是从胸腔最深处挤出来的呐喊。
"我不想死!我不想被那些虫子撕碎身体,像不像人一样地死去!我要活下去!别挡我啊啊啊!"
"虫子?果然是你。"
赛恩想起了曾在屋顶看到的虫子,现在她完全确定了罪魁祸首,是阿德里娜在召唤那些东西。

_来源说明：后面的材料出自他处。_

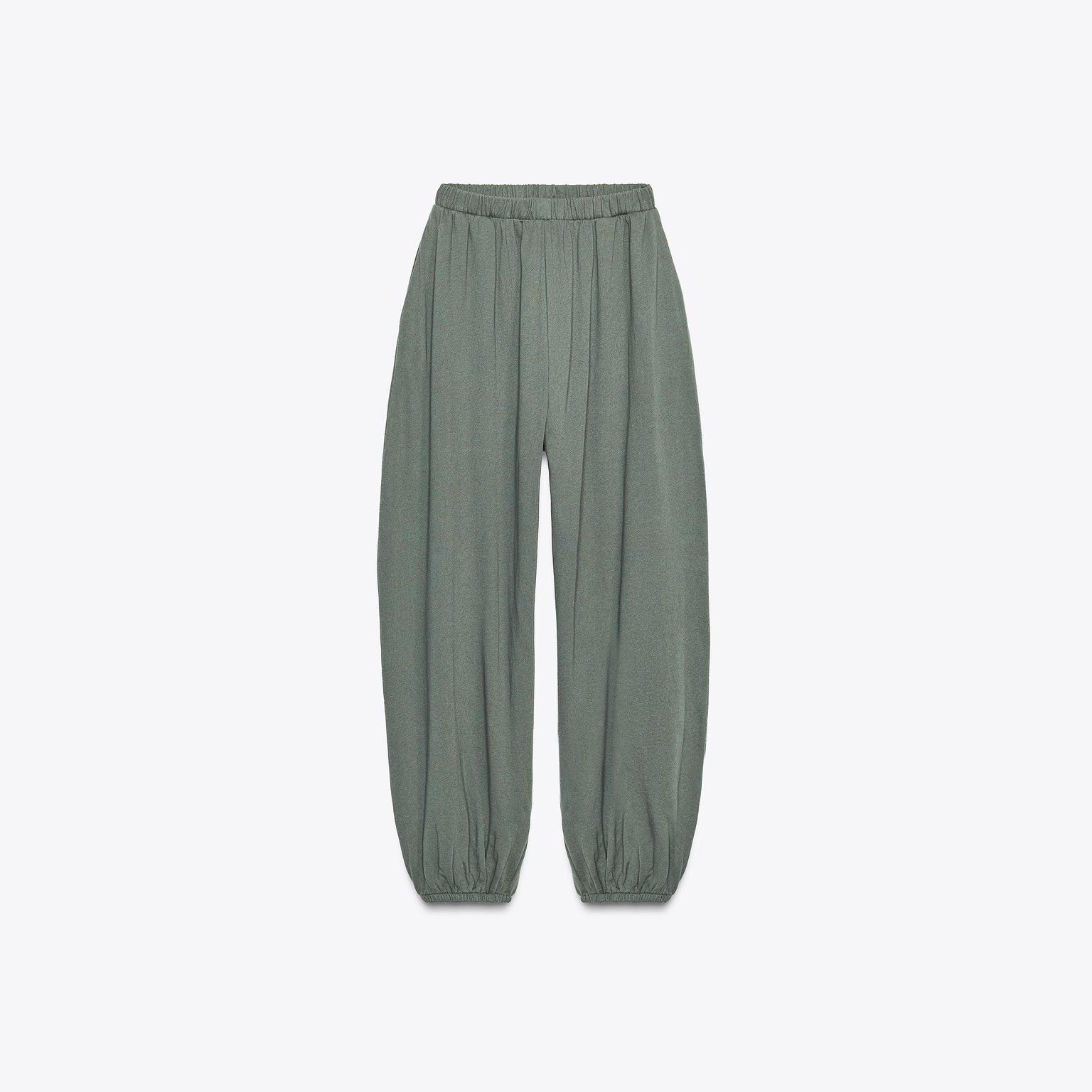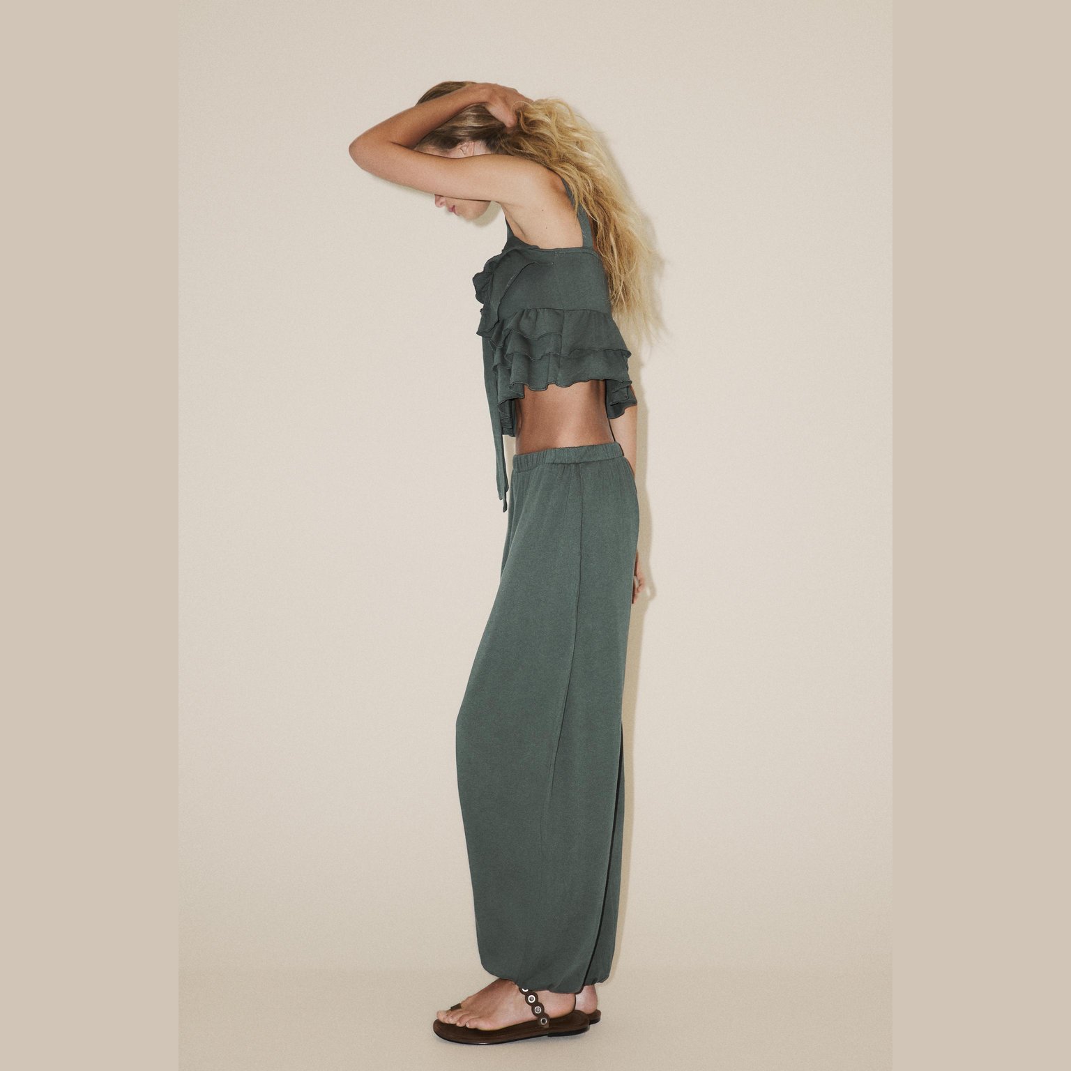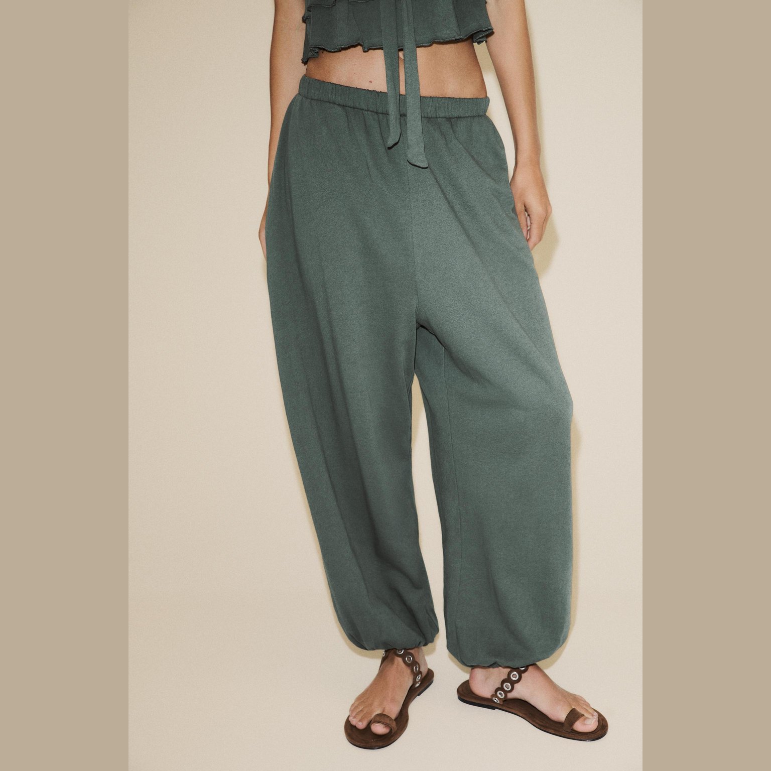 بنطال بملمس ناعم بقصّة بالون – لون أخضر – Green (Plush Balloon Trousers) بنطال مريح بتصميم بالون عصري، مصنوع من خامة ناعمة تمنح راحة يومية. يأتي بخصر مرتفع مع حزام مطاطي، إضافة إلى جيوب جانبية داخلية تمنح عملية وأناقة. الأطراف السفلية مزودة برباط مطاطي يمنح شكلًا بالون مميزًا يناسب الإطلالات اليومية والكاجوال.

她正打算立刻击倒阿德里娜,然后去找丹尼尔报告任务完成。
但阿德里娜的状态有些异常。
赛恩说她知道些什么虫子的事,她顿时停止了沸腾的怒火,露出惊恐的表情开始环顾四周。
那种恐惧不是伪装的。而是真实的、刻骨铭心的恐惧。
"虫……虫子?你看见了?"
"对,在晚上的天台。"
"不、不可能……"
沙沙。沙沙沙。
在否认的阿德里娜耳边,传来某种爬行的声音。不是幻觉。不是错觉。
那种声音来自走廊的天花板,细微的、粘稠的、像是无数细小的肢体在粗糙表面上拖行的声音。
琳感到奇怪,环顾了一下四周。
赛恩则立刻握住了短剑,身体微微下沉,进入了战斗姿态。
"别耍花招。"
赛恩以为阿德里娜在操控虫子想干什么。
没想到阿德里娜反而施展出防御魔法,一层金色的光壁在她周围升起,像突然抽搐一样惊慌地环顾四周。
"虫、虫子?刚才那是虫子的声音?"
"……"
赛恩的短剑被防御魔法挡住,这才察觉到事情有些不对劲。
她为什么这么害怕?如果阿德里娜真的是召唤古代魔物的犯人,不应该会这样发抖才对。
不应该会在听到"虫子"这个词时露出那种表情,像是被噩梦追上了的孩子的表情。
就在这时。
阿德里娜猛地睁大了双眼,嘴巴张得老大,望着琳和赛恩的身后,开始瑟瑟发抖。
那种颤抖不是装出来的。
她的身体像秋风中的枯叶一样剧烈摇摆,双腿几乎支撑不住体重,整个人像是被某种无形的力量扼住了喉咙。
琳和赛恩也自然地回头查看。
那里有一只巨大的虫子,正趴在天花板上盯着他们三人。
它的体积几乎占据了整条走廊的宽度。
有人手臂粗的躯体上覆盖着漆黑的甲壳,甲壳表面布满了凸起的尖刺。
六条腿像镰刀一样弯曲着,末端锋利得能切开钢铁。
最令人毛骨悚然的是它的头部,没有眼睛,只有一排细密的口器在不断开合,发出"咔哒咔哒"的声响。
"虫子?"
"……"
琳一意识到那是魔物,立刻就想发射魔法。
但赛恩却按住了琳的手臂,她看向阿德里娜。
那不是召唤时的表情。
相反,她脸上满是恐惧,像是看到了世界上最可怕的东西。
她的身体蜷缩成一团,背紧紧贴着墙壁,眼泪不受控制地涌出来,嘴唇颤抖着念叨着什么。
"它、它们来了!那些家伙来了!阿雷斯!阿雷斯在哪啊啊啊啊!"
阿德里娜急转身体,试图从四楼走廊的窗户跳出去逃走,然而……
窸窸窣窣。
一只虫子正从窗户爬进来,不是从外面,而是从窗户的缝隙中。
它的躯体像液体一样变形,挤进了那道狭窄的空间。
它们并没有扑过来或表现出攻击的迹象。
只是盯着阿德里娜看。
但她却在精神上受到了极大的冲击,像是被某种比死亡更可怕的恐惧吞噬了。
有什么地方不对劲。
阿德里娜并不是召唤魔物的犯人。
赛恩确信这一点后,急忙想安抚她,但已经太迟了。
"我、我!我不想死啊啊啊!"
阿德里娜哭得鼻涕眼泪一把,拼命调动体内所有的魔力,她的金色长发在魔力风暴中飞舞,皮肤表面浮现出密密麻麻的符文。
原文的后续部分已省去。